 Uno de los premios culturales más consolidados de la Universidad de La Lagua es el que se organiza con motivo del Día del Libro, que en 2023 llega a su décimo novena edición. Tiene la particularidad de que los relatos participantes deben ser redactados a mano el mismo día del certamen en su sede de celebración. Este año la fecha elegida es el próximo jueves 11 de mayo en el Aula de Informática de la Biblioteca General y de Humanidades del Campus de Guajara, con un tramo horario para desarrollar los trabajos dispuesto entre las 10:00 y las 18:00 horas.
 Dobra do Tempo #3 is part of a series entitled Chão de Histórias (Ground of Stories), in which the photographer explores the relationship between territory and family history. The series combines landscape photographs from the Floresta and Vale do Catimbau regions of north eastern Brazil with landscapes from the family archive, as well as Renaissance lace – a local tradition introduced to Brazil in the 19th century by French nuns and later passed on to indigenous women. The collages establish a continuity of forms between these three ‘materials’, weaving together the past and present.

--

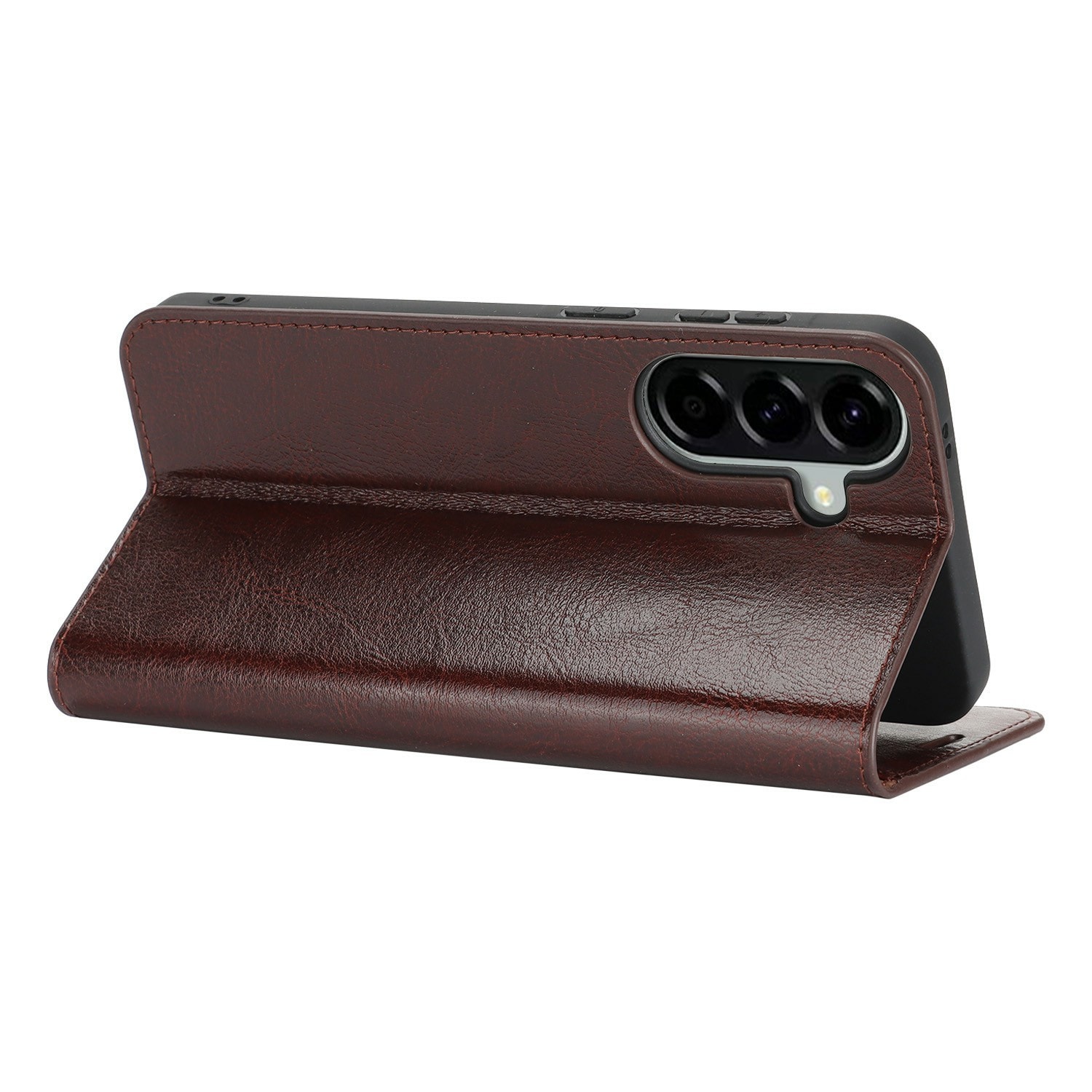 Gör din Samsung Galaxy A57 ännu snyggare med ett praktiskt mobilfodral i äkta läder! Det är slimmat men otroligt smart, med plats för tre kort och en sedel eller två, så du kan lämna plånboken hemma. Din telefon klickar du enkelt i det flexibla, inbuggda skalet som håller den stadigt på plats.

==

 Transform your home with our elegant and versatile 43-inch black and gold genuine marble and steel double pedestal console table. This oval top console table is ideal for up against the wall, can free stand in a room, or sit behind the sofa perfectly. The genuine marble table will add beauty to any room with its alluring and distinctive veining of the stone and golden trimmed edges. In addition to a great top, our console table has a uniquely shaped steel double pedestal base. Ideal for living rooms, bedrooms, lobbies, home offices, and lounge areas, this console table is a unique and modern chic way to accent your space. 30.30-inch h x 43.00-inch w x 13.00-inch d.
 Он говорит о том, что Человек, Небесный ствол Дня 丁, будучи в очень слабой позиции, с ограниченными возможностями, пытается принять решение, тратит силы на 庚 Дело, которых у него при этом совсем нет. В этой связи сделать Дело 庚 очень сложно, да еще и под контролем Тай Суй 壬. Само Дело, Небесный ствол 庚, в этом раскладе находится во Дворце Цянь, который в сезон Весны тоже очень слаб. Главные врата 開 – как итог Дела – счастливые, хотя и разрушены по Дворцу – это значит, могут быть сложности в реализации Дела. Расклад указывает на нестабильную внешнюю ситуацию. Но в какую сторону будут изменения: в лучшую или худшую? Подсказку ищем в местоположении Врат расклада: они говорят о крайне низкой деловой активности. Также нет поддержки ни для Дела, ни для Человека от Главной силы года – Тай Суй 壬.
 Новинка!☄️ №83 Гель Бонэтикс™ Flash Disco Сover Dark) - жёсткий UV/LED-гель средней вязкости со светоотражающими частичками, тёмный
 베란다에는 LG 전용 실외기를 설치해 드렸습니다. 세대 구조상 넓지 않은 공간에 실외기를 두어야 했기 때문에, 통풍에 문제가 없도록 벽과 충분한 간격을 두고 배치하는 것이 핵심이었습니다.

◆ Task goal ◆
Extract from the records above the lines from the one containing "Новинка!☄️ №83 Гель" to the one containing "베란다에는 LG 전용", both lines included, exactly as they appear and with nothing else.

◆ Task answer ◆
 Новинка!☄️ №83 Гель Бонэтикс™ Flash Disco Сover Dark) - жёсткий UV/LED-гель средней вязкости со светоотражающими частичками, тёмный
 베란다에는 LG 전용 실외기를 설치해 드렸습니다. 세대 구조상 넓지 않은 공간에 실외기를 두어야 했기 때문에, 통풍에 문제가 없도록 벽과 충분한 간격을 두고 배치하는 것이 핵심이었습니다.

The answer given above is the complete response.